- Genres: Classical music
- Occupation: Musician
- Instrument: Violin
- Labels: Cameo Classics Records
- Website: www.classicalcabaret.com

= Beverley Davison =

British violin virtuoso

Beverley Davison is a British violin virtuoso, currently fronting an act she founded called Classical Cabaret: Hot Strings (ensemble) or "Classical Cabaret Duo" (solo with piano).

==Biography==
The daughter of conductor Arthur Davison, at the age of nine, she was selected for the Yehudi Menuhin School where she studied violin with Yehudi Menuhin himself. At 21, she was invited to guest-lead London Sinfonietta and Fires of London.

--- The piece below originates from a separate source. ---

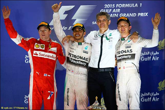 ![]() Квалификация в Бахрейне получилась любопытной, Льюис Хэмилтон завоевал четвёртый поул из четырёх в этом сезоне, но доминирования Mercedes не получилось – рядом с британцем с первого ряда стартовал Себастьян Феттель, уступив четыре десятых, а со второго ряда гонку начинали Росберг и Райкконен. После длинных серий кругов в пятницу в Mercedes с опаской говорили о гоночном темпе Ferrari, и решили рискнуть, скорректировав настройки без последующей проверки, чтобы продлить ресурс шин в гонке. Для Даниила Квята квалификация сложилась неудачно – россиянин начинал гонку только 17-м, а Дженсона Баттона стюарды допустили к старту специальным решением – в субботу у британца сломалась машина и он не проехал ни одного быстрого круга, а перед стартом в McLaren решили снять Дженсона из-за проблем с ERS – у инженеров возникли опасения, что управлять машиной может быть небезопасно. Преподнёс сюрприз Фернандо Алонсо, впервые пробившись во вторую часть квалификации за рулём McLaren Honda – испанец стартовал 14-м, а Нико Хюлкенберг дошел до финала за рулём не слишком конкурентоспособной машины Force India. Шинники привезли в Бахрейн «среднюю» пару составов, износ оказался не так уж велик, но разница в скорости получилась впечатляющей, поэтому в субботу все старались сэкономить комплекты Soft для воскресной гонки, чтобы использовать этот состав на большей части дистанции. В итоге только Мальдонадо выбрал Medium для первого отрезка гонки, остальные стартовали на Soft. Машина Фелипе Массы осталась на стартовом поле, когда гонщики отправились на прогревочный круг – бразильцу пришлось начинать гонку с пит-лейн. Сайнс ещё до старта получил пятисекундный штраф за превышение максимального времени на круге выезда из боксов – 2:16.664 вместе разрешенных 2:02.000. Мальдонадо ошибся, заняв чужую позицию на стартовом поле, и получил такой же штраф. На старте Хэмилтон сохранил лидерство, Райкконен опередил Росберга, позади лидеров шла плотная борьба за позиции. Хюлкенберг неудачно стартовал, потеряв несколько мест. Между Ферстаппеном и Мальдонадо произошел контакт без серьёзных последствий. Первая десятка на 2-м круге: Хэмилтон - Феттель - Райкконен - Росберг - Боттас - Риккардо - Грожан - Хюлкенберг - Эриксон - Сайнс. На четвёртом круге Хэмилтон оторвался от Феттеля на 1.6 секунды, обезопасив себя от атаки с помощью DRS, а Росберг опередил Райкконена, вернув третью позицию. Льюис ошибся на торможении, но сохранил лидерство и вновь оторвался. На 7-м круге Ферстаппен сменил резину и носовой обтекатель, а Масса пробился на 13-ю позицию, совершив несколько обгонов. На 8-м круге Феттель ошибся на торможении в первом повороте, и Росберг атаковал – сначала Себастьян отбил атаку, но на следующем круге Нико вышел вперёд, уступая Хэмилтону больше пяти секунд. Первая десятка на 10-м круге: Хэмилтон - Росберг - Феттель - Райкконен - Боттас - Риккардо - Грожан - Хюлкенберг - Эриксон - Перес. На 11-м круге Хюлкенберг, Наср, Масса и Мальдонадо сменили резину, на 12-м - Сайнс и Эриксон, на 13-м - Грожан, на 14-м - Феттель и Алонсо, на 15-м - Росберг, Боттас и Риккардо, на 16-м - Хэмилтон. Росберг вернулся на трассу позади Феттеля, бросился в атаку, на следующем круге на прямой вышел вперёд – Льюис выехал из боксов прямо перед ними. На 17-м круге Райкконен, лидировавший в гонке, провёл пит-стоп, получив Medium на второй отрезок, а тройка лидеров исп

She continued her studies at the Royal Academy and performed with the London Schools' Symphony Orchestra.

At the age of 21 she joined Sir Peter Maxwell Davies' Fires of London. Suffering from stage fright and eating disorders she stopped performing at the age of 25, and worked in various jobs including as a beauty therapist, a driving instructor, and in telesales. She returned to music when she took a teaching post at the Birmingham School of Music. She formed Hot Strings in 1990, after turning down an offer from Simon Rattle to be co-leader of the City of Birmingham Symphony Orchestra.

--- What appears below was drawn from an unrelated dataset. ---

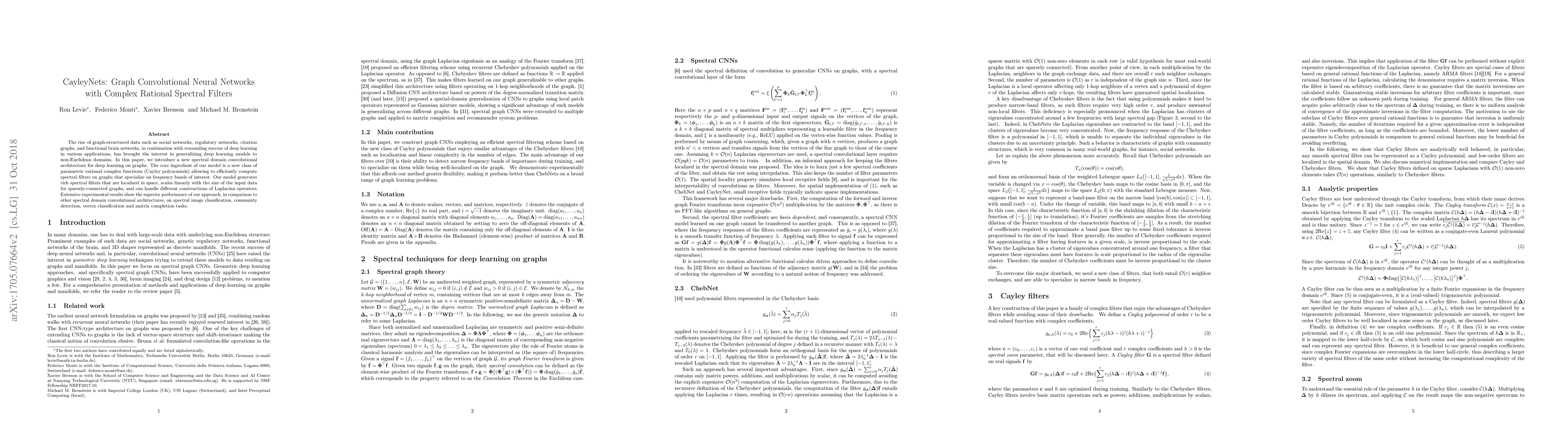 CayleyNets propose a novel graph convolutional neural network using complex rational spectral filters based on Cayley polynomials, demonstrating superior performance on tasks like spectral image classification and community detection. This approach efficiently computes localized spectral filters that scale linearly with graph size.

Davison collaborated with Rudolf Nureyev on a ballet based on Arnold Schoenberg's Pierrot Lunaire. On the Cameo Classics label, she has recorded Carl Nielsen's Violin concerto and Mozart's Violin Concerto in D Major. She has taught the violin at the University of Surrey in Guildford and has tutored at the summer orchestral course, ECSOC, In Guernsey, Channel Islands.

Davison has performed with Bolshoi Orchestra, Rambert Orchestra, Birmingham Royal Orchestra, English National Orchestra and Harlem Ballet Orchestras, the Michael Nyman Band and the Birmingham Contemporary Music Group.